Orlando Sentinel Op-Ed: Big Wireless Providers’ Growth Limits Local Choice

Katie Kienbaum, Research Associate at ILSR, wrote an op-ed that the Orlando Sentinel published on March 5, 2020. Katie wrote about how lobbying from the big wireless companies at the state legislature restricts local communities from making their own decisions. She also touched on the importance of protecting local authority to allow communities to have their own right to make decisions.

Here is the full piece: 

Imagine moving into a new home. One of the reasons you chose this house was the view from your daughter’s bedroom of the park across the street, a nice change from the alleyway her room overlooked in your old apartment.

Then, days after unpacking the last pair of socks, a set of ugly, bulky boxes appear on the street light right in front of your daughter’s window, blocking the view almost entirely. You contact your council representative only to find out that it’s a new wireless “small” cell and despite being on city property, state law prevents them from doing anything. Their hands, you’re informed, are tied.

This story is playing out again and again in communities across Florida as companies like AT&T, Verizon, and T-Mobile stumble over each other to build out next generation 5G wireless infrastructure. In their haste, wireless providers are slapping up poles and equipment often without concern for the impact on local communities, affecting aesthetics and straining city resources.

A municipality typically has the authority to prevent or at least address this kind of local nuisance. But in Florida, there’s little recourse for the communities and families harmed by indiscriminate 5G construction. As a result of lobbying from the big wireless companies, state law limits the ability of local governments to collaborate with wireless providers over the placement and appearance of small cell wireless facilities. It also shortens the permitting process for new wireless installations and caps or eliminates the fees that cities can charge companies like AT&T to use public property.

These industry-backed blanket regulations ignore the unique needs and values of different communities, limiting local control over neighborhood appearance, undermining digital equity efforts, and threatening public accountability.

Strict permitting timelines and fee restrictions further burden communities. Reducing the time available to review a permit application takes city staff and resources away from other duties. The slashed fees are unable to make up for this shortfall, leaving local taxpayers to pick up the slack. In effect, the Florida Legislature is forcing local governments to subsidize private companies merely because those companies hire effective lobbyists

 Improving wireless coverage is important, but it’s not an excuse for the legislature to give wireless providers carte blanche over your community. In many areas, 5G will only bring slightly faster speeds — T-Mobile tells most people to expect a 20 percent speed increase. This marginal improvement in Floridians’ lives will not outweigh the costs of state interference in local authority.

These state restrictions have precedent. The Florida Legislature has long limited communities’ ability to invest in wired broadband networks to create local Internet choice and connect unserved areas. For most cities, building their own network is a last resort, but that should be decided by their residents, not lobbyists at the state Capitol.

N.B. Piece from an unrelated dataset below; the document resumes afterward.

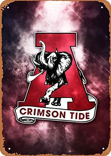 Винтажный металлический знак NCAA Алабама темно-красная доска 8 дюймов X12 дюймов Оловянная пластина декор для стен

State overreach isn’t limited to communications. Florida law also prevents local governments from enacting community-supported legislation on minimum wage, environmental protection, and many other issues. Integrity Florida, a nonpartisan research organization, reports that state interference in local affairs is increasing, driven in part by corporate special interests.

Alachua and Miami probably need different minimum wages and almost certainly have different concerns about wireless companies putting up new poles and equipment. Forcing them to be the same is good for AT&T executives but bad for everyone else.

No matter how powerful the monopoly lobbyists in Tallahassee are, communities should have some control over their property, and they should be able to demand accountability when someone interferes with it. We must protect the right to local decision-making.

The author is a researcher at the Institute for Local Self-Reliance.